21. The method of claim 15, wherein the cell further comprises expression of at least one reporter protein.

22. The method of claim 15, wherein expression is disrupted such that the cell produces substantially no functional protein, a reduced level of the protein, an increased level of the protein, or an altered version of the protein.

23. The method of claim 15, wherein a chromosomal sequence encoding the protein is modified by a deletion of at least one nucleotide, an insertion of at least one nucleotide, a substitution of at least one nucleotide, or a combination thereof.

24. The method of claim 23, wherein the cell is heterozygous, homozygous, or hemizygous for the modified chromosomal sequence.

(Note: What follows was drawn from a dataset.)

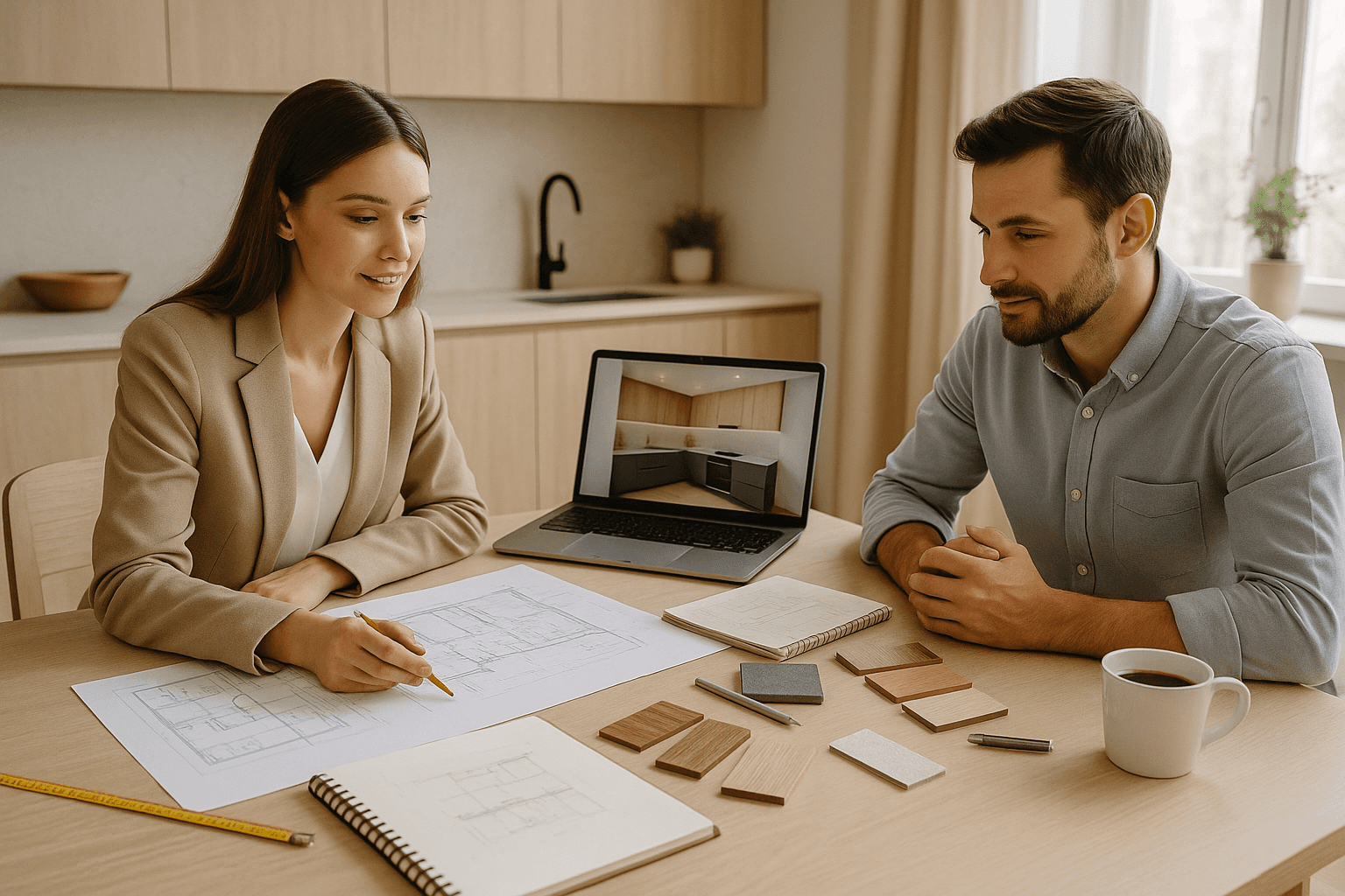 Prvním krokem po předání podkladů je osobní setkání v našem studiu. Společně si podrobně projdeme vaše představy, přání i konkrétní potřeby ohledně nové kuchyně. Vysvětlíme vám celý proces, nasloucháme vašim požadavkům a poradíme, jak maximálně využít potenciál vašeho prostoru. Na základě dodaných informací připravíme návrh kuchyně na míru – včetně vizualizace, která vám umožní představit si, jak bude vaše budoucí kuchyně skutečně vypadat. Získáte přehled o možných variantách uspořádání, stylových i materiálových možnostech a také o výběru spotřebičů.

25. The method of claim 15, wherein the cell comprises an inactivated ABCG2 chromosomal sequence such that it produces substantially no BCRP protein and/or the cell comprises an inactivated ABCC1 chromosomal sequence such that it produces substantially no MDR1 protein is.

26. The method of claim 25, wherein the cell further comprises expression of at least one reporter protein.

27. The method of either claim 25 or claim 26, wherein the cell further comprises disrupted expression of at least one additional protein chosen from a membrane transporter, a drug metabolizing enzyme, a xenobiotic sensor, a cellular stress response pathway protein, and combinations thereof.